3.3 PROPOSTAS REFERENTES AO VERBO CHEGAR

3.3.5 NUANÇAS SEMÂNTICO-PRAGMÁTICAS DO ASPECTO GLOBAL

Tavares (2005, 2008) apresenta uma proposta para a categorização funcional de verbos como PEGAR, CHEGAR, IR e VIRAR na perífrase [V1 (E) V2] que combina algumas das classificações correntes na literatura. A autora descarta, porém, a possibilidade de considerar tais verbos, nessa perífrase, como marcadores de aspecto inceptivo. O aspecto inceptivo traz indicações acerca do início de algum evento (ação, processo, estado) e, especificamente no caso do verbo PEGAR, segundo Merlan (1999), teríamos um aspectual que exprime o início imediato da ação concretizada pelo segundo verbo, isto é, um verbo que codifica não apenas a fase inicial de uma ação, mas também o fato de esse início ter-se dado de modo instantâneo. Ou seja, em contraste com alguns verbos marcadores de aspecto inceptivo que se referem ao momento inicial de uma ação de um modo mais neutro, como em João começou a falar e João passou a falar, PEGAR seria empregado para referir o início repentino de uma ação.

Outros aspectuais, dependendo do contexto de uso, podem fazer semelhante referência, como em João principiou a falar e João desandou a falar.
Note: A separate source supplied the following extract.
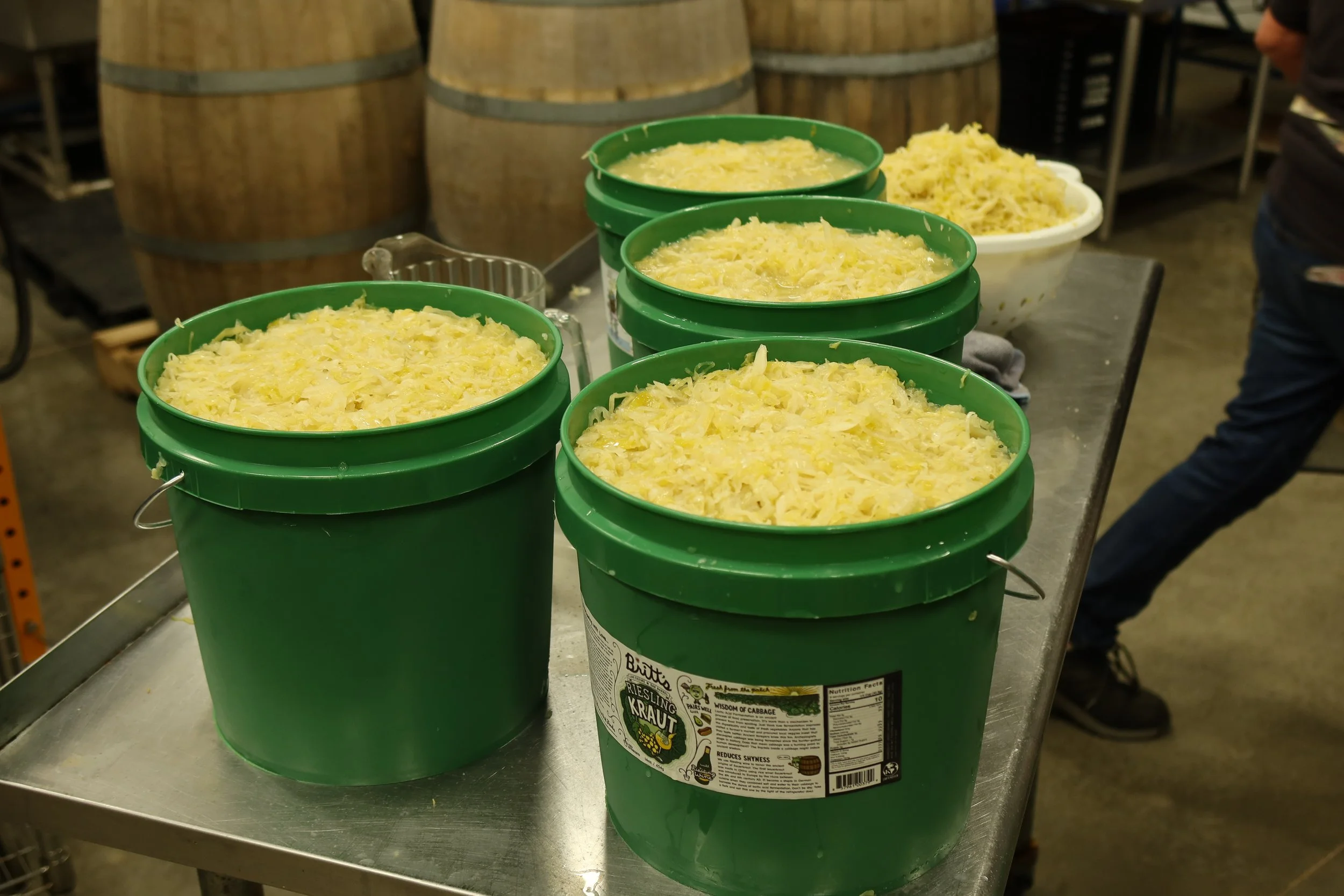 Britt’s Pickle Factory is small but mighty! Immediately upon entering you are greeted with the bustle of the team of employees working to make pickles, kraut, and kimchi, or packaging them up for sale at the farmer’s market or to ship out to their grocery locations. The air is tart with the smell of cucumber, garlic, and pepper. The oak barrels add a slight woody scent to the air too. Throughout a tour of the factory, you’ll see towering shelves all the way to the ceiling with cardboard boxes, labels, and lots and lots of oak barrels. While there, the small team could be beginning the pickling process, packaging their products, or moving product around. If you are lucky, they might let you into the work space where someone could be working on refurbishing their recycled wine barrels to prepare them for use for pickles. Head back into the factory for a sample of some Peace Pickles and Fire Kraut where your taste buds will buzz with the fizzy probiotics and garlic.

O aspecto inceptivo está relacionado ao aspecto imperfectivo, como um de seus subtipos (cf. CASTILHO, 2002). O imperfectivo codifica o evento não como um todo único, e sim como não delimitado temporalmente, fazendo referência à sua estrutura interna, o que envolve a referência a uma fase específica desse evento – início, duração, conclusão. O inceptivo, por exemplo, dá destaque à fase inicial do evento (João começou/passou/principiou/desandou a falar), em oposição à fase de duração do evento (aspecto cursivo, como em João continuou/ficou/veio/esteve falando) e à fase de conclusão do evento (aspecto terminativo ou cessativo, como em João parou/acabou/deixou/terminou de falar).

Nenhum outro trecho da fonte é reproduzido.